The Daily Outside: Green Blocks Deadline, FeederWatch, Monday Night Run 2.2.26
Monday’s Daily Outside works at human scale — a last-call chance to claim future shade on a Hilltop block, an hour spent learning who’s actually eating at your feeder, and an evening run that turns the workweek’s first night into shared motion instead of quiet dread.
Community Canopy & Street-Level Futures
Tacoma Tree Foundation — Green Blocks: Hilltop Tree Requests Close
Monday, Feb. 2, 2026
Deadline: 9 a.m.
Free | Tree request submission
This is one of those blink-and-you-miss-it moments where a neighborhood’s future quietly decides to grow roots.
Green Blocks: Hilltop is Tacoma Tree Foundation’s equity-driven effort to bring real canopy back to streets that have historically gone without it. This morning is the cutoff — the final chance for Hilltop residents, renters, property owners, and community spaces to raise a hand and say: yes, a tree belongs here.
Submitting a request isn’t a wish tossed into the void. It’s an invitation into a program that handles the hard parts: free tree matching, delivery, planting assistance, and summer watering support. Trees are chosen for the realities of each site — space, soil, climate resilience, long-term survival — not aesthetics or guesswork.
Hilltop matters here. The neighborhood has roughly half the average tree canopy of Tacoma overall, the result of decades of redlining, underinvestment, and planning that favored pavement over shade. Green Blocks exists to rebalance that math, block by block, with a goal of planting about 600 street trees between 2025 and 2027.
More info & eligibility map: Tacoma Tree Foundation — Green Blocks: Hilltop
Birds & Backyard Skills
Tahoma Bird Alliance — FeederWatch at the Tahoma Bird Alliance Office
Monday, Feb. 2, 2026
2–3 p.m.
Tahoma Bird Alliance Office (Conference Room)
2917 Morrison Rd W, University Place, WA 98466
Free | No RSVP required | Indoor event | ADA accessible
This is the civilized version of being outside: you stay dry, learn some bird names, and leave seeing your backyard like a busy little airport for wings.
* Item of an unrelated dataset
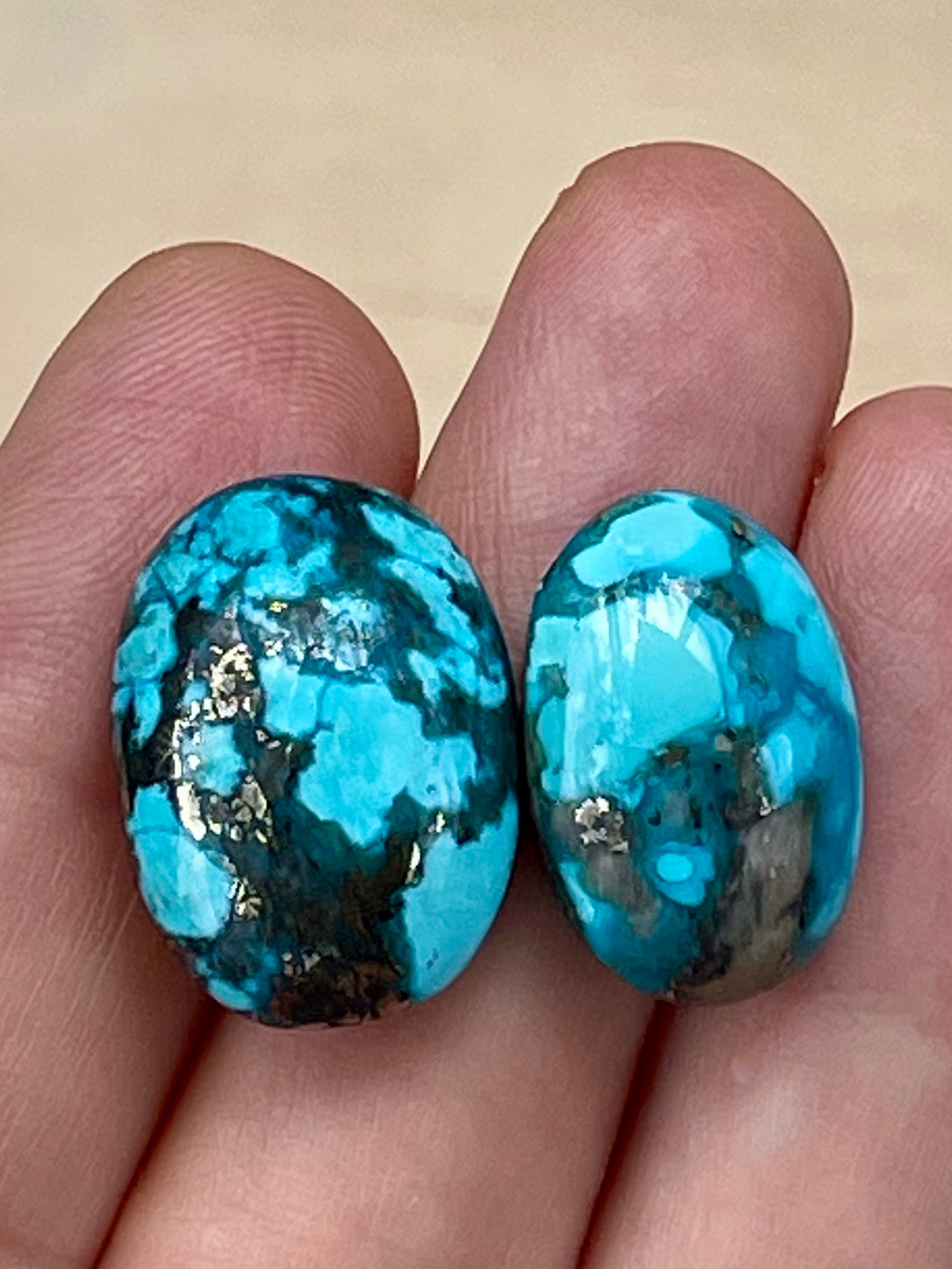 2 absolutely amazing turquoise stones from the Kerman mine in Southern Iran. They have very unique webbing pattern and the colour is beautiful. Furthermore the golden pyrite inclusions make them even more attractive and special. They would make fantastic rings, pendants or even bracelets.

FeederWatch is a drop-in, indoor hour where curiosity turns into usable skill — and actual data. Hosted by knowledgeable volunteers, the session invites your “what bird is that?” questions, feeder mysteries, and half-formed sparrow theories. You’ll practice identifying common backyard birds, trade sightings, and contribute observations to Project FeederWatch, which means your goldfinch drama suddenly counts.
It’s part mini-clinic, part social hour, part gentle recalibration for anyone who wants sharper ID instincts without wrestling a field guide alone at the kitchen table. No RSVP. No gatekeeping. No binocular flexing. Just show up and look closer.
More info: Tahoma Bird Alliance — FeederWatch at the Office
Movement, Miles & Post-Run Rituals
Fleet Feet Running Club — Monday Night Fun Run/Walk
Monday, Feb. 2
6–7 p.m.
Start: Fleet Feet Tacoma (Proctor District)
Free | All paces welcome | 3–5 miles
Monday evening loosens its grip at Fleet Feet Tacoma, where the Fleet Feet Running Club turns the workweek’s first night into a shared exhale disguised as movement.
This weekly run/walk is not a race or a test. It’s community motion — runners, joggers, walkers, run-walkers, and “I’ll see how it feels” humans moving together at a pace that bends to fit who shows up.
Routes shift. Conversations happen mid-stride. The only real rule is that no one gets left behind. Run it all. Walk it all. Mix honestly. The point isn’t speed or mileage — it’s showing up and letting motion sand the edges off Monday.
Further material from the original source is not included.